“The public needs art – and it is the responsibility of a ‘self-proclaimed artist’ to realize that the public needs art, and not to make bourgeois art for a few and ignore the masses.”
If you didn’t already know his name, no doubt you know his art. Keith Haring’s iconic work has endured through the decades. Twenty-eight years after Haring’s death, his work and its lessons are as relevant as ever.
Earlier this year, 99 Cents Fine Art in New York exhibited a recovered section of Haring’s 300-foot-long 1984 mural – Untitled (FDR NY). The portion features iconic elements of his work – breakdancing people, a figure with TV set as a head, and a barking dog. Instead of being displayed in a gallery, it’s on view to the public in a Chinatown storefront, honoring his desire to make art accessible to the masses.
From March to June of this year, The Albertina Museum in Vienna dedicates a comprehensive exhibition, “Keith Haring – The Alphabet,” celebrating the enduring influence of Haring’s art on generations of artists.
From the Suburbs to the Subway
Born in 1958, Keith Haring was born in Reading, Pittsburgh. Between 1976 and 1978, he studied commercial art at Pittsburgh’s Ivy School of Professional Art and quit once he lost interest. When Haring was 20 years old, he moved to New York City on a scholarship at the School of Visual Arts (SVA) to study painting. However, he was expelled after he and Jean-Michel Basquiat used the schools interior for a graffiti art project.

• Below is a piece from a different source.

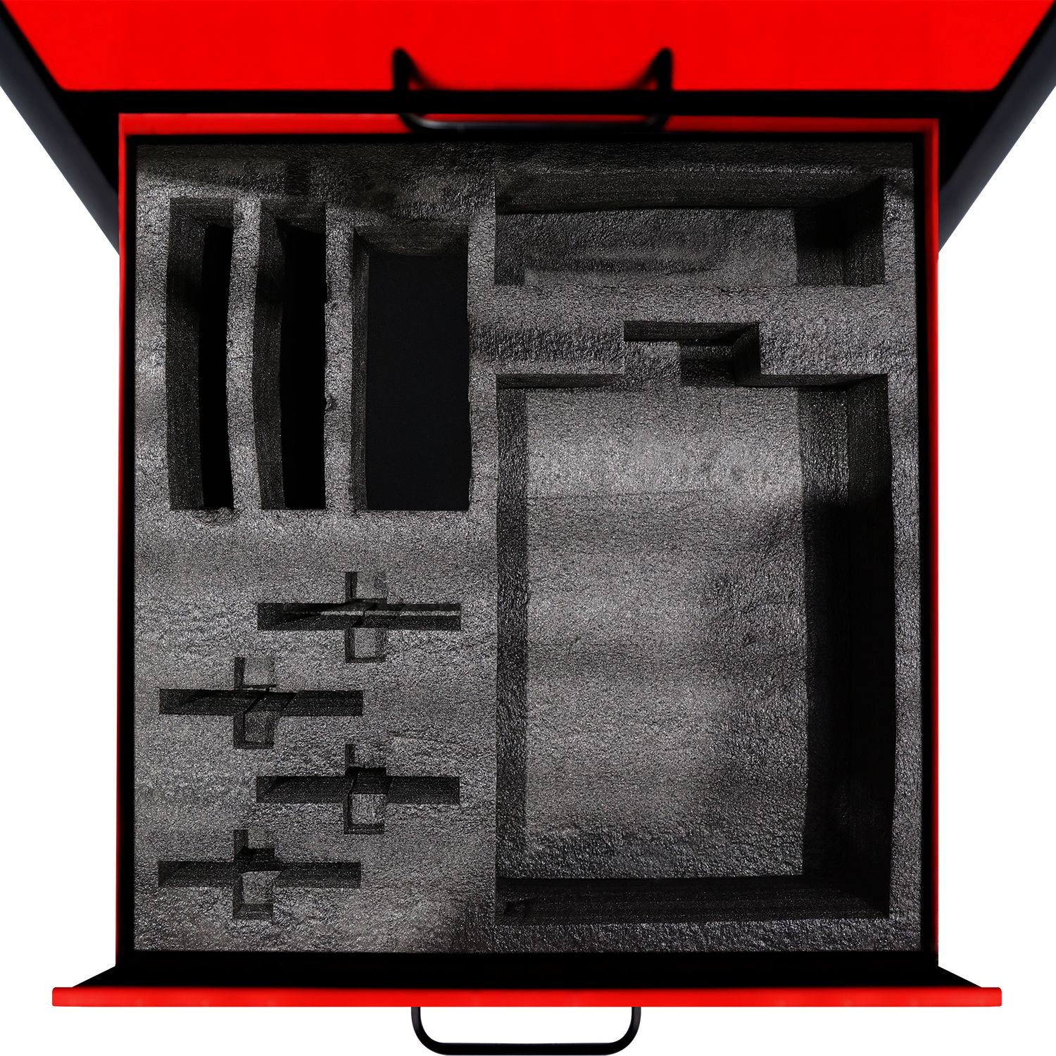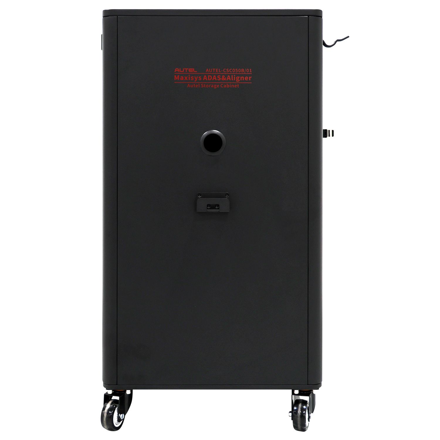 The Autel ADAS Accessory Storage Cabinet is perfect for safely storing your Autel ADAS calibration and alignment accessories. Purchase the optional Tire Clamp or Rim Clamp storage brackets to attach to the cabinet for convenient storage. The attractive yet sturdy Autel-branded metal cabinet features a large center storage space with a slide-out shelf, pull-up door, two additional storage drawers, and foam insert for storing clamp targets. The cabinet rests on four sturdy metal casters, allowing it to be moved easily through your shop. A one-year limited warranty covers the unit.

The incident in school indeed wouldn’t be the last time Haring would find himself breaking the law for the sake of his art. In fact, he was arrested and frequently ticketed for vandalizing the subway. Haring quipped how often he would walk into the police station handcuffed and to the dismay of the arresting officer, be approached by other cops who were fans of his work and wanted to shake his hand.
But while Haring’s work would “debut” in the New York subway system, his style would become so distinguishable that it caught the attention of the art world. From his white chalk drawings on unused advertisement backboards in the subway to his “Radiant Baby” symbol to his distinct interconnecting images, Haring’s work would go from the streets to galleries and museums across the globe — from the San Paulo Bienal to the Venice Biennale to Musée d’Art Contemporain de Bordeaux in France. And in 1986, he even painted a 300-foot mural on the Berlin Wall.
Art, Advocacy, and Activism
Openly gay and having lived through the darkest time of AIDS crisis, Haring was an advocate for safe sex. Sadly, he could not escape AIDS and was diagnosed in 1988. Keith Haring was just 31 years old when he passed away. But despite his short life, Haring left a profound mark in the contemporary art world.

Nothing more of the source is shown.